§ **Exercise goal**: Look through the data below for the line with "ユーザーID・暗証番号の再通知、運用商品の変更など各種手続きをご案内します" and the line with "TIME&TRU MEMORY FOAM", then transcribe exactly from the first through the second, leaving out all pictures.

§ **Task data**:
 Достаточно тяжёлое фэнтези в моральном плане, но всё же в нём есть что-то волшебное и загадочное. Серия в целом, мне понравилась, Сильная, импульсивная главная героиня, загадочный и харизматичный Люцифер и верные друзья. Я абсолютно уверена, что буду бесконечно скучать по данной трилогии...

---

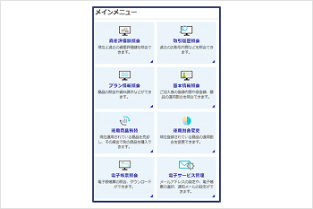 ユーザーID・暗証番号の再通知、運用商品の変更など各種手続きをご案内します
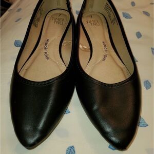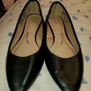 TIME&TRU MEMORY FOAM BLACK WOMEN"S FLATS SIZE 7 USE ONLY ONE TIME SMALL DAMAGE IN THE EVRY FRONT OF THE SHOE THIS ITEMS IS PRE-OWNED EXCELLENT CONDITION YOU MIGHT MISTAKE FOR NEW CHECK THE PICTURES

§ **Response box**:
 ユーザーID・暗証番号の再通知、運用商品の変更など各種手続きをご案内します
 TIME&TRU MEMORY FOAM BLACK WOMEN"S FLATS SIZE 7 USE ONLY ONE TIME SMALL DAMAGE IN THE EVRY FRONT OF THE SHOE THIS ITEMS IS PRE-OWNED EXCELLENT CONDITION YOU MIGHT MISTAKE FOR NEW CHECK THE PICTURES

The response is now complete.